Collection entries
·····

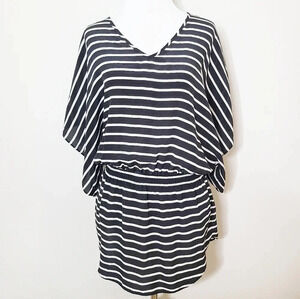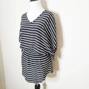 DREW black and white striped 100% Silk Top. Elasticized waist. Excellent preowned condition.
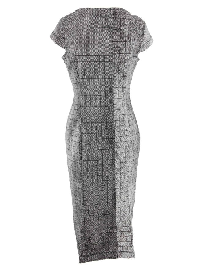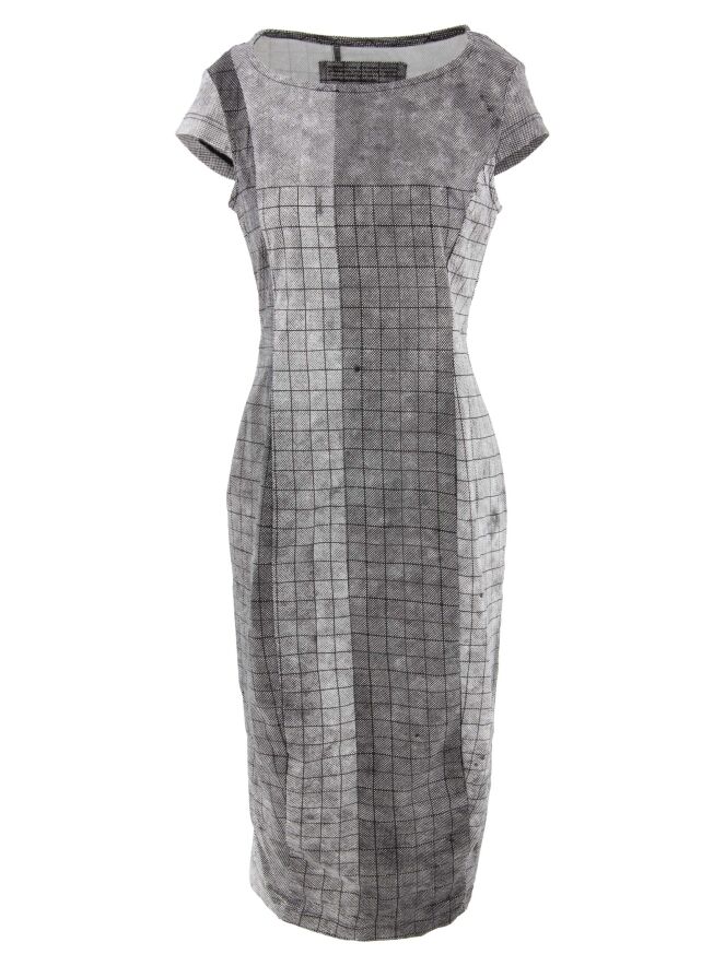 Une robe de Rundholz Black Label avec un motif de losanges graphiques variés en noir et blanc. La robe a un large décolleté et des manches chauve-souris. Cette robe peut être lavée à 30 degrés.
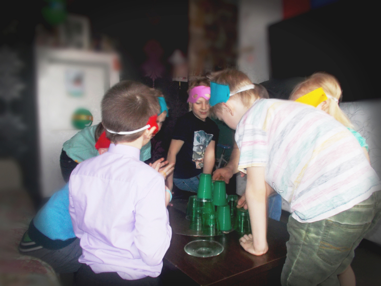 После ,делала стаканчик,наклеила на него глазки ,привязала веревочку и шарик пенопластовый и надо было попасть в стаканчик шариком,все делали по очереди,кто больше.
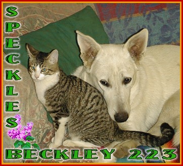 Beckley is trying to figure out how to talk, he always seems to be mouthing words and trying to communicate with me. His other thing he is trying do is to open the door knob with his mouth, he watches us opening the door, since his mouth is at about the height as the knob, we have seen him with the knob in his mouth trying to turn the knob. I think one day he will open the door by himself.
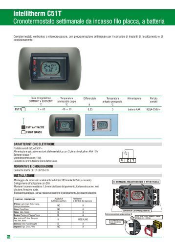 Intellitherm C51-CCon Intellitherm Cpossibile estrarre il corpo del cronotermostato dal telaio dopo il fissaggio ed i collegamenti. Cronotermostati elettronici a microprocessore, con programmazione settimanale per il comando di impianti di riscaldamento e di condizionamento. 1 1 e non si applicano alle attività di raccolta e trasporto di.

·····

- [Try it] Copy out the lines above from the line containing "После ,делала стаканчик,наклеила" through the line containing "Beckley is trying", exactly, and keep the pictures out.

- [Exercise result]
 После ,делала стаканчик,наклеила на него глазки ,привязала веревочку и шарик пенопластовый и надо было попасть в стаканчик шариком,все делали по очереди,кто больше.
 Beckley is trying to figure out how to talk, he always seems to be mouthing words and trying to communicate with me. His other thing he is trying do is to open the door knob with his mouth, he watches us opening the door, since his mouth is at about the height as the knob, we have seen him with the knob in his mouth trying to turn the knob. I think one day he will open the door by himself.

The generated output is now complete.